Is there a bug in java.util.Stack's Iterator?

2019-02-05 14:30发布

问题:

Today I was trying to push in java.util.Stack class and then use the Iterator to iterate (without using pop) through the items. I was expecting LIFO property but got surprised.

Here is the code that I was trying.

import java.util.*;
import java.util.Stack;

public class Main {
    public static void main(String[] args) {
        RobStack<Integer> rstack = new RobStack<Integer>(); // Correct Implementation
        Stack<Integer> jstack = new Stack<Integer>(); // Default Java Implementation
        rstack.push(0); jstack.push(0);
        rstack.push(1); jstack.push(1);
        rstack.push(2); jstack.push(2);
        rstack.push(3); jstack.push(3);

        System.out.print("Algo Stack: ");
        for (int i : rstack)
            System.out.print(i + " ");
        System.out.print("\nJava Stack: ");
        for (int i : jstack)
            System.out.print(i + " ");
    }

}

The output the above program is given below:

Algo Stack: 3 2 1 0 
Java Stack: 0 1 2 3 

In the above code jstack uses the default Java implementation and rstack uses the implementation provided by Robert Sedgewick for his Algorithm class. I found that Prof. Robert's implementation works fine but the java.util.Stack implementation fails.

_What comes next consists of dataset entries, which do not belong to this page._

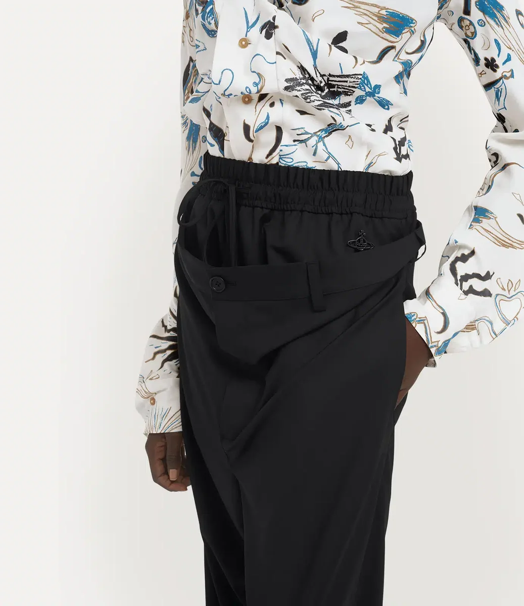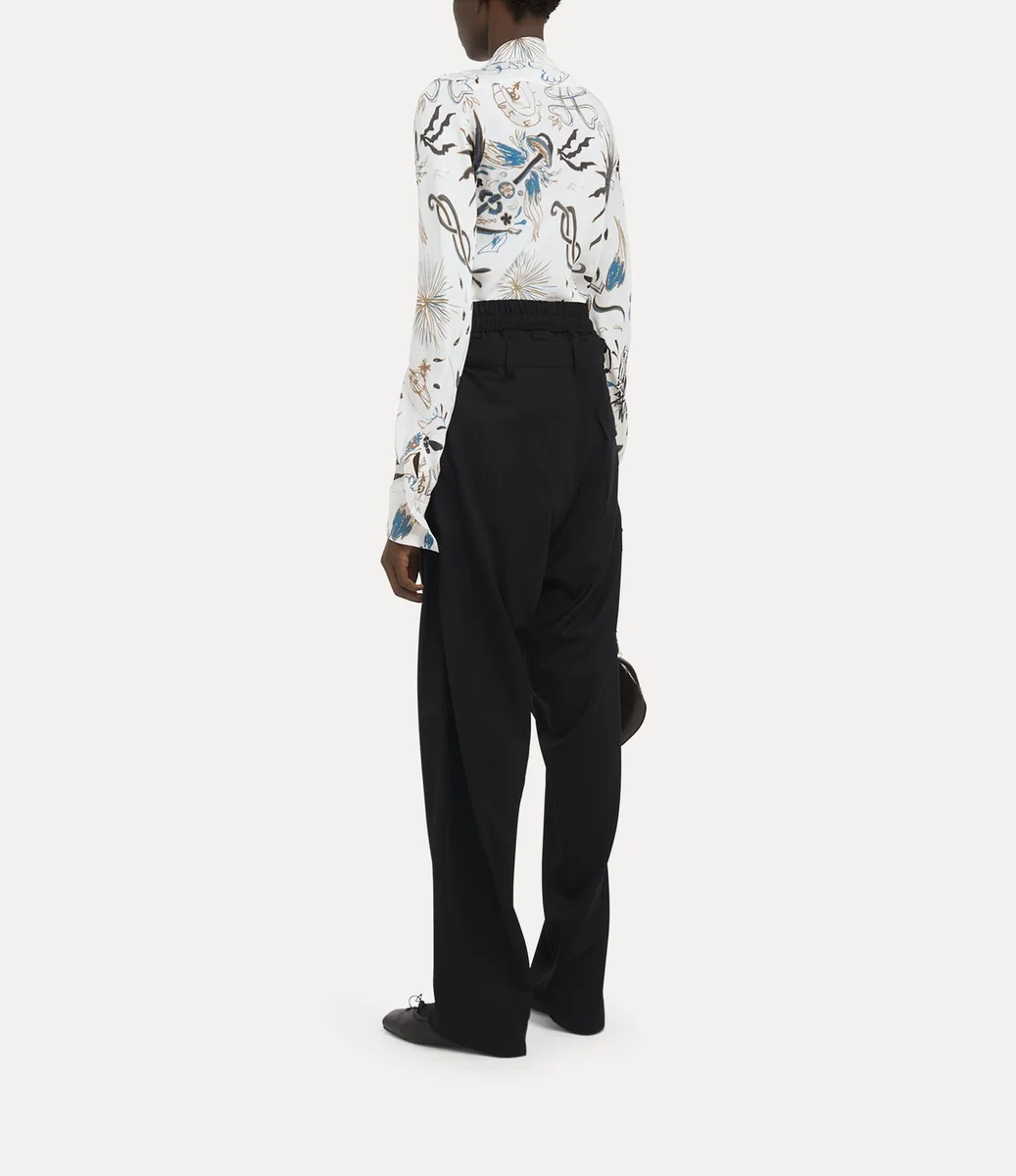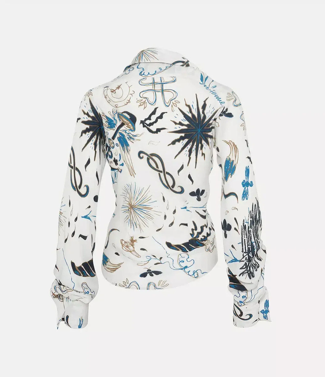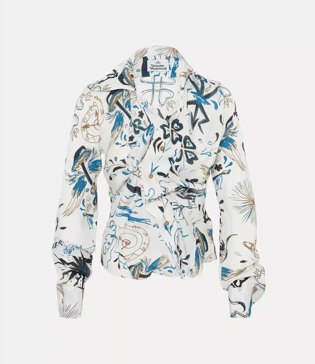 Naše košile Drunken, navržená pomocí experimentálního systému Vivienne, je střižena s excentrickým zapínáním na knoflíky a asymetrickým lemem. Inspirována obrazem „The Laughing Cavalier“ od Fransa Halse, je potištěna abstraktním grafickým vzorem, který zahrnuje charakteristickou ikonografii značky.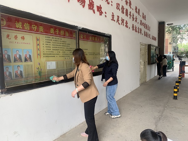 院內(nèi)整理清掃完畢后,大家又轉(zhuǎn)移陣地到辦公樓內(nèi),對辦公室、廁所、樓道等區(qū)域進行了打掃。黨員們充分發(fā)揚“甩開膀子、挑起擔子”的精神,擦拭玻璃、打掃地面、清理垃圾,全方位消毒噴殺,每一步都認真到位,不留死角。經(jīng)過近三個小時的辛勤勞動,院里綠化帶的枯枝、雜草得到了整治,機關大院內(nèi)更加整潔美觀,環(huán)境煥然一新。機關辦公室窗明幾凈、一塵不染,所有衛(wèi)生死角被徹底清理。大家擦擦汗水,露出會心的微笑。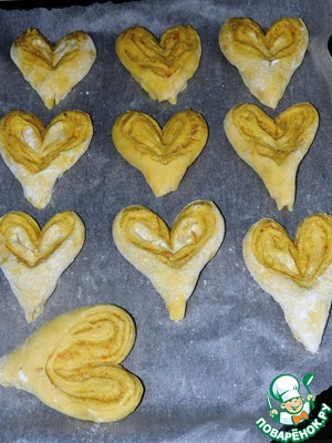 В середине разрезаем, оставив 2 см там, где кончики. Получаются вот такие сердечки!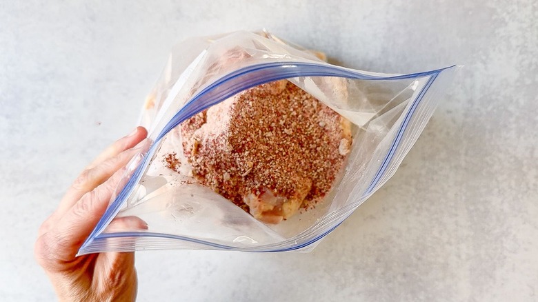 - Place the wings in a large ziplock bag and add the rub. Seal the bag tightly and massage to evenly coat the wings with the rub.

Is it a bug or is it by design?

回答1:

See Bug ID 4475301 : RFE: java.util.Stack.iterator() iterates the wrong way. This behavior is by (bad) design. Java's built-in Stack iterator methods are inherited from other classes, so they don't behave as you'd expect.



回答2:

You should use Deque instead of Stack.

Deque<Integer> stack = new ArrayDeque<Integer>();

See Oracle Doc



回答3:

Well by principle, you should not iterate over a Stack, but only push on top or pop from top. As for actual implementation, most languages, including Java, use another collection type to implement a Stack. From strict requirements point of view, it should allow constant time push, top and pop operation.

Any additional features (or bug in this case), should just be ignored and not relied upon for coding.



回答4:

Perhaps, you can use .get() to print items within stack from top to bottom.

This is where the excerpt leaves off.